Alguns consideram os povos indígenas isolados como objetos de curiosidade a ser explorados, romantizando-os erroneamente como “relíquias” do nosso passado distante. Apesar de uma longa campanha da Survival International e de organizações locais, alguns operadores turísticos sem escrúpulos ainda organizam “safáris humanos” para que os turistas possam apreciar os recém-contatados jarawas nas Ilhas Andaman, na Índia.
O último grande refúgio da maioria dos povos isolados é a Floresta Amazônica. Aqui, mais de 70 grupos vivem no Brasil e 15 no Peru, além de alguns no Equador, na Bolívia e na Colômbia. Os únicos povos isolados da América do Sul que vivem fora da Bacia Amazônica são os ayoreos, que caçam nas florestas secas do Chaco paraguaio.
Brasil e Peru têm departamentos dedicados a monitorar e proteger tribos isoladas, e uma política de não entrar em contato com eles. A unidade do Brasil foi criada em 1987, quando a FUNAI decidiu terminar suas desastrosas missões de contato forçado. Agora, a agência usa tecnologia de satélite para fazer um melhor monitoramento do paradeiro e do bem-estar dos grupos indígenas isolados, e trabalha com tribos vizinhas e organizações indígenas, que são geralmente as primeiras a relatar contatos esporádicos ou avistamentos. Isto permitiu o mapeamento de vários territórios significativos para uso exclusivo dos povos indígenas isolados, minimizando o risco de contato potencialmente perigoso em terra.
No entanto, a FUNAI não tem sido capaz de proteger muitos territórios da invasão.

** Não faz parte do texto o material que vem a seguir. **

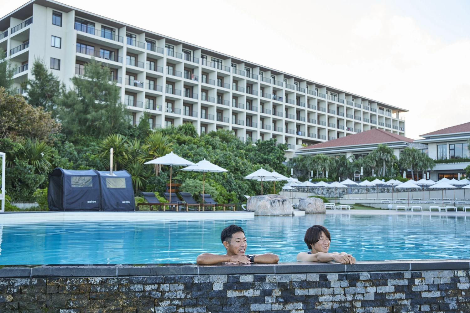 冬ならではのお楽しみのひとつが、2025年12月1日(月)から2026年3月15日(日)までオープンする「エターナルウィンタープール」。東シナ海の白砂のビーチに面した「オーシャンテラスプール」が温水仕様にアップグレードされて、眼前に広がる絶景と温水プールならではの心地よい浮遊感を堪能することができる。

Enquanto os povos indígenas isolados mostrados nas icônicas fotos do estado brasileiro do Acre parecem fortes e saudáveis, com hortas florestais cheia de produtos agrícolas, outros, como os awás, no Maranhão, foram reduzidos a famílias pequenas e fragmentadas que somam algumas dúzias, os quais sobreviveram a grileiros brutais que atacaram e mataram esse povo. Hoje, estão fugindo de armas e motosserras, e enfrentam a possibilidade de genocídio, a menos que o governo aja imediatamente para expulsar os madeireiros.
Um homem solitário no estado brasileiro de Rondônia, conhecido como “o último de sua tribo”, resiste a todas as tentativas de contato e sobrevive em um pequeno pedaço de floresta tropical no meio de enormes fazendas de gado e plantações de soja.

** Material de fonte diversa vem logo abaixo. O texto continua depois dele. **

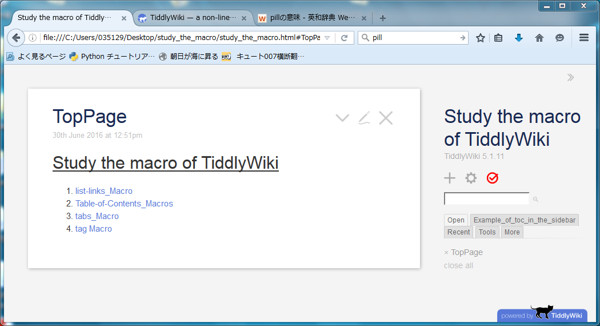 まず、TiddlyWikiのファイルをGecko系のブラウザで開きます。編集後、

A tribo mais isolada do mundo é provavelmente a dos sentineleses, que vivem na ilha de Sentinela do Norte, no Oceano Índico. Nos últimos anos, mais de 40 tribos isoladas foram identificadas em Papua Ocidental, a metade oeste da ilha da Nova Guiné. Embora muitas dessas tribos tenham tido algum contato desde então, há outras que optam por permanecer isoladas. No entanto, é quase impossível obter informações precisas sobre elas, porque a Indonésia proibiu organizações de direitos humanos e jornalistas de entrar em Papua Ocidental, de modo que as possibilidades de pesquisa são muito limitadas.
Nada há de inevitável em relação ao desaparecimento das tribos isoladas que ainda existem no mundo, mas o seu futuro está em nossas mãos e é um dos maiores desafios humanitários deste século. Embora esteja consagrado no direito internacional, seu direito fundamental à autodeterminação só pode se tornar realidade se os governos e as multinacionais forem pressionados pela opinião pública a defendê-lo.

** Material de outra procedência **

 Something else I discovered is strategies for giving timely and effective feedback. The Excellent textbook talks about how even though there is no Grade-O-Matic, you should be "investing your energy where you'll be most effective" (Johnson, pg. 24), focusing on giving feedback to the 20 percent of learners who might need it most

Se não respeitarmos suas escolhas evidentes e não pararmos a destruição de suas terras, perderemos sociedades únicas, contemporâneas e vibrantes, que fazem parte da rica diversidade do nosso planeta e que cumprem um papel crucial na proteção de parte da maior biodiversidade do mundo. Todos nós podemos nos beneficiar de seus conhecimentos e seu manejo da natureza, mas, se não agirmos agora, podemos perder povos inteiros e uma parte da nossa própria humanidade.